While making some oat bran banana muffins (recipe coming soon!), I came across this recipe for "oat-free grain-free trail bars" on Daisy Janie. I said, "Grain free? Why?" She explained a little in the blog post, and linked to this website: 10 Reasons to Go Grain-Free. I was intrigued, because the nutrition people tell me every day that whole grains are good for me, and my kids, and I strive to incorporate a variety of whole grains in our diets. (Such as the aforementioned muffins.)

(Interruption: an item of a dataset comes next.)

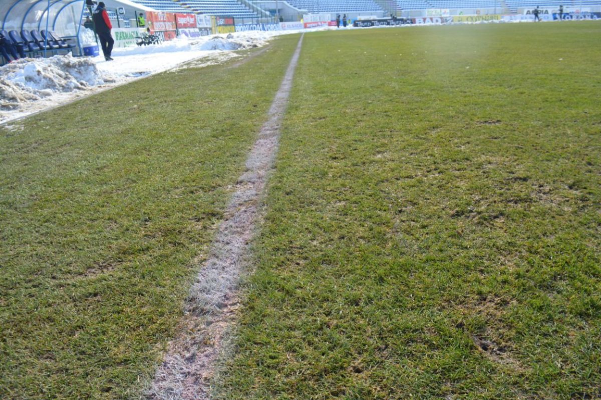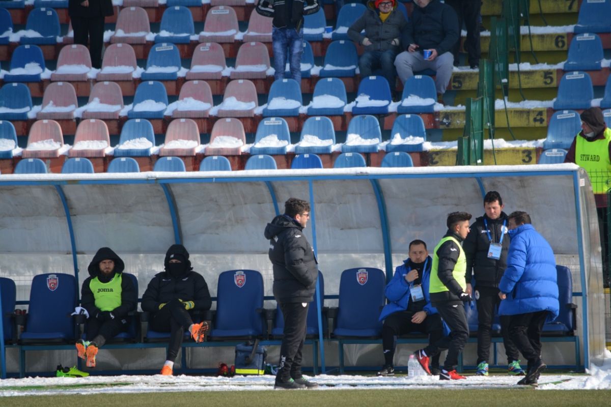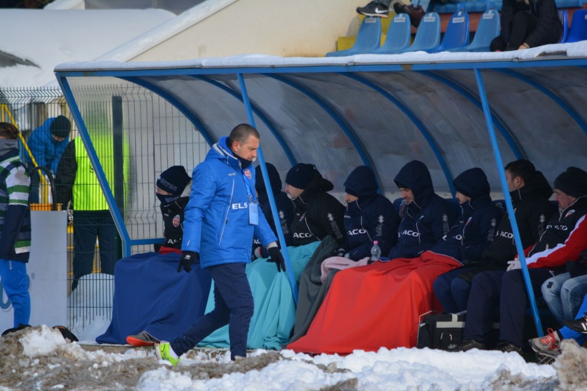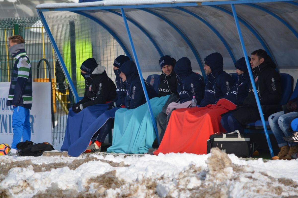 Confruntarea începută la ora 14:00 se dispută într-un decor hibernal. Grămezi mari de zăpadă înconjoară suprafaţa de joc, care s-a înmuiat, fotbaliştii având serioase probleme în a-şi menţine echilibrul. Asta în timp ce rezervele stau pe bancă acoperite cu pături.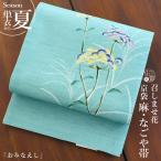 [夏帯] 夏名古屋帯 おみなえし (麻/ミント/KK-NT-002) リネン 日本製 名古屋帯 京袋帯 京袋名古屋帯 女郎花 花 ススキ 浴衣帯 単衣 浴衣 着物 召しませ花

Most of the 10 reasons seemed pretty valid. 
#1 states that we can find the nutrients and fiber in other sources, which is true. More difficult, but true.
#3 claims we're all a little gluten-intolerant, some more than others. This is probably also true. Just like we're probably all a little lactose-intolerant.
#5 really caught my attention. Must be due to all those Anthropology classes I took in college.
#7 "Poorly prepared grains prevent mineral absorption." Thank goodness I soak my oats. And seriously? Since I started soaking my oats (after reading this article), I've had dramatically fewer breakouts and my hemoglobin (iron level in blood) levels have increased. Last month I was able to donate blood and pass my hemoglobin test for the first time in 3 years without the aid of iron supplements.  

That was a glorious day

The other reasons go into inflammation, joint problems, dental decay...all of which I have no experience.

What do you think? I have no desire to give up grains. I love my grains. But perhaps they're not as important as we seem to think. Honestly, I like the fullness in my tummy that follows a nice hearty muffin or bowl of oats. Stir fry isn't stir fry without rice or noodles. This is why I could never do a low-carb diet, and I won't do a grain-free diet, either. I can't imagine replacing my morning bowl of oats with a morning bowl of peas. Just not the same.

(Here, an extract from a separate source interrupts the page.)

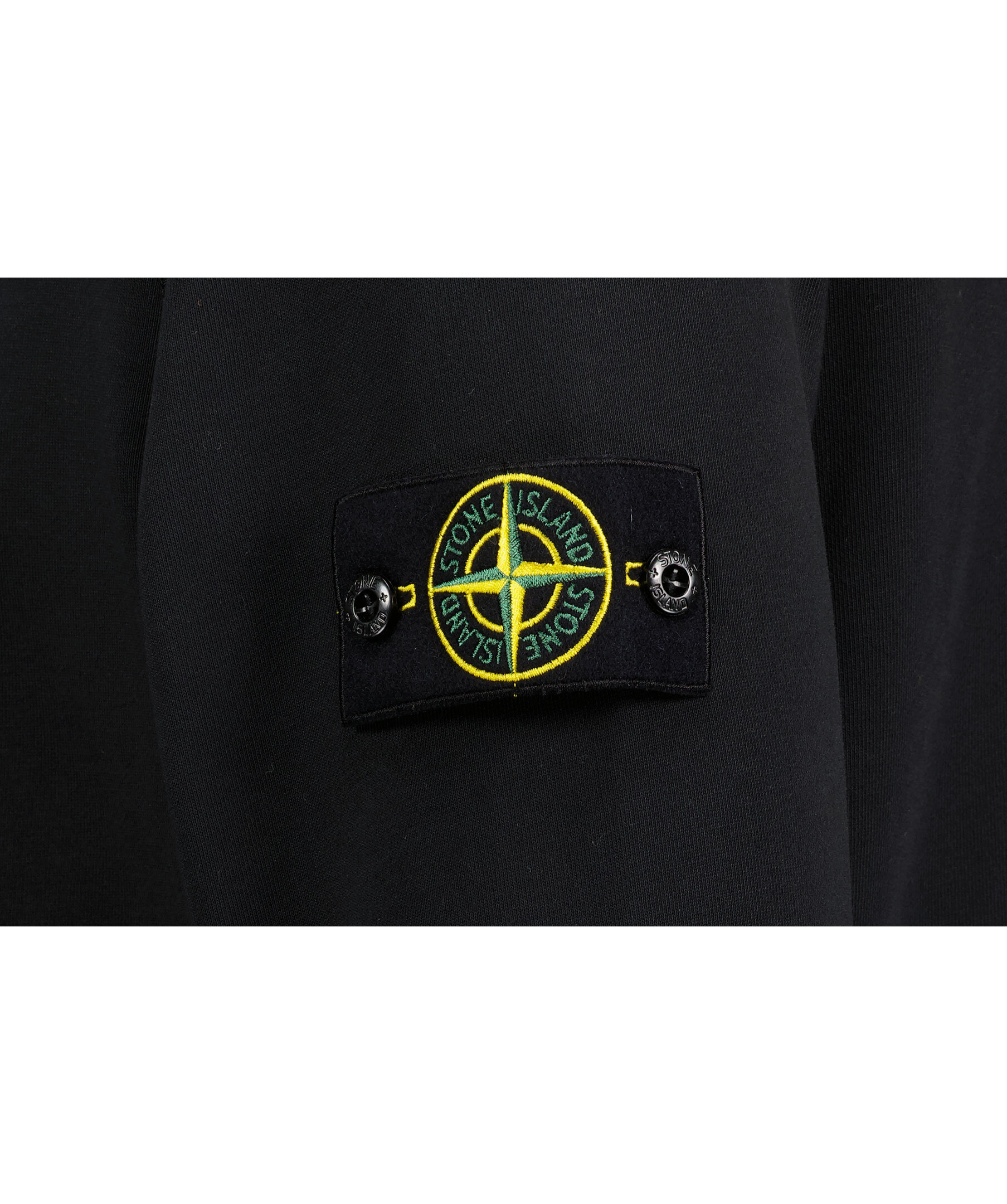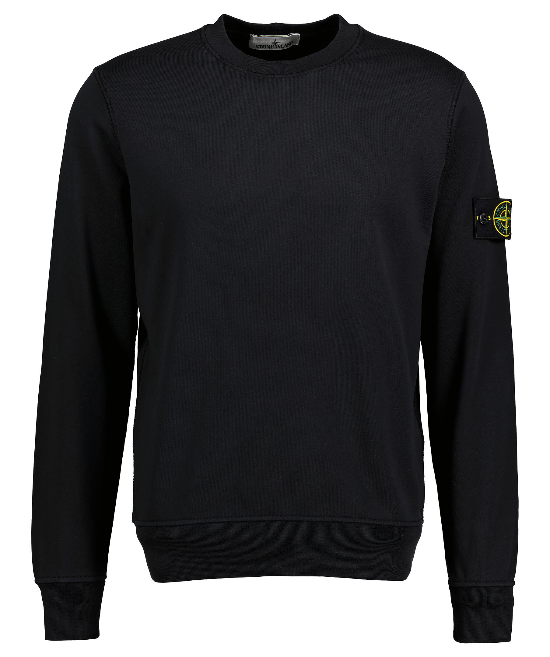 Svart sweatshirt från Stone Island gjord i 100% bomull. Ribbade muddar vid hals, ärm och plaggslut. Avtagbar tygpatch med logotyp på vänster överärm.

But I'm a creature of habit, and I can get used to anything if I do it regularly. So maybe I could do a grain-free diet. But I don't think it would be any fun. How do you make a grain-free doughnut? Is that even possible?


Megan said...

Hmm... interesting. I don't think I'd be able to give up all grains, but limiting the "unsoakables" and soaking the ones that we can would probably be a good compromise. I tend toward being anemic and have skin "issues" so this is definitely something to think about!

Marisa said...

Yes, moderation is the key, as always. I wish I could plan ahead enough to soak all my grains. I'm good about my breakfast oats, but things like rice for dinner or an impromptu oatmeal request from a kid never get soaked.

J I L L A I R E said...

I cringe at the suggestion of going grain free for several reasons. I read the article and my biggest opposition to it is that she didn't give REALISTIC ways to actually go grain free. Her examples in #1 of alternate foods? Really? Who's eating lamb liver? I've never heard of yardlong beans. And where do you get raw fireweed? I honestly think going to extremes in ANY diet is problematic.

Marisa said...

I totally agree. I thought fireweed was a little strange, too. (I do know that yardlong beans--super long green beans--are available at some Asian grocery stores.) But yes, I'm a fan of general diet moderation and exercise to be healthy.

daisy janie said...

Thanks for posting this and starting a discussion about it. I just purchased sprouted grain flour - I think we'll be seeing a lot more of the sprouted grain foods in the coming years. Your body processes it like a vegetable, rather than a grain. I'm interested to see how I feel when I make something with it.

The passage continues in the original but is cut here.